So, I'm trying to solve the following exercise available in the book "The Probabilistic Method", by Alon and Spencer.
The Hajós number of a graph $G$ is the maximum number $k$ such that there are $k$ vertices in $G$ with a path between each pair so that all the $\binom{k}{2}$ paths are internally vertex disjoint (and no vertex is an internal vertex of a path and an endpoint of another). Is there a graph whose chromatic number exceeds twice its Hajós number?
My thoughts: I tried to follow this answer: Hajós Number vs.
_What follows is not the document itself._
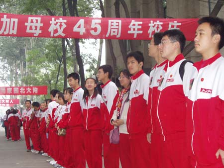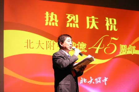 10月6日北京大學(xué)附屬中學(xué)舉行了建校四十五周年慶典活動,3000多名校友(根據(jù)簽到統(tǒng)計(jì)結(jié)果)從海內(nèi)外相聚母校。10點(diǎn)整校慶大會正式開始。與會的來賓有海淀區(qū)的教委領(lǐng)導(dǎo)、北京大學(xué)的教委領(lǐng)導(dǎo)、北大附中的歷屆校長、現(xiàn)任校長、外籍校友和校友代表。在會上,與會來賓都慷慨呈辭,表達(dá)了他們對北大附中的愛與期待。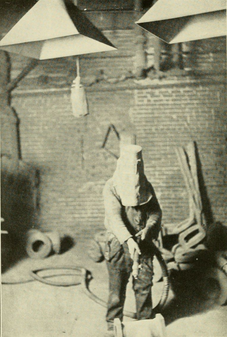 Sand-blasting may be done in the open air if eye-protectors and respirators are worn and other suitable precautions are taken, but it is far better to provide a dust-proof chamber for this work. The operator of the sand-blast should then wear an appropriate helmet, to effectively protect his lungs and eyes from the dust. The form of apparatus used should be adapted to the work to be done, and to the conditions that must be met. Considered from the point of view of the dust hazard alone, the ideal arrangement appears to consist in a helmet well ventilated by means of a hose supplying an adequate flow of dust-free air. The hose may be run from the compressed-air tank to the upper part of the helmet, and it should be provided with a regulating valve located where it may be easily controlled by the man who is to be supplied. The air current should be so adjusted that it will not only afford sufficient oxygen to serve for respiration, but also prevent dust from rising into the helmet through openings in the lower part of it. In practice, however, it is frequently found that the plan[Pg 55] here outlined is highly objectionable to the men, and in fact they often refuse to wear apparatus of this type, claiming that the cool air passing down the neck soon causes them to catch cold. Baffles and various other distributing devices to regulate the flow of the air within the helmet have been tried, but no ideal and wholly satisfactory solution of the difficulty has yet been worked out, so far as we are aware. In the[Pg 56] opinion of certain foundry experts, an ordinary helmet with a respirator attached, or used in conjunction with a separate respirator, constitutes the best device for the protection of the sand-blaster, when all phases of the problem are considered.

Chromatic Number
Following the hint, using the random graph $G(n, \frac{1}{2})$, it seems to me that there is a graph such that the Hajós number should be less or equal to $2 \sqrt{n}$, because for $k$ larger one would need more than $n$ vertices to construct $\binom{k}{2}$ such paths. My problem is how to get a lower bound for the chromatic number in this case. I'd appreciate any hint.
The chromatic number of a random graph is well-known. If you are not happy simply citing Theorem 10.3.1 of Alon and Spencer for the result that with high probability $$ \chi(G_{n,1/2}) \sim \frac{n}{2\log_2 n} $$ then we can get a lower bound of this order without too much difficulty. The probability that a set of $k$ vertices is independent is $2^{-k(k-1)/2}$, so the expected number of independent sets of size $k$ is $$ \binom nk 2^{-k(k-1)/2} \le \left(\frac{ne}{k} \cdot 2^{-(k-1)/2}\right)^k $$ and when $k = 2 \log_2 n$, this becomes $\left(\frac{e\sqrt 2}{k}\right)^k = o(1)$. So with high probability there are no independent sets of this size, and therefore we need at least $\frac{n}{2\log_2 n}$ colors, since each color can be used on at most $2\log_2 n$ vertices.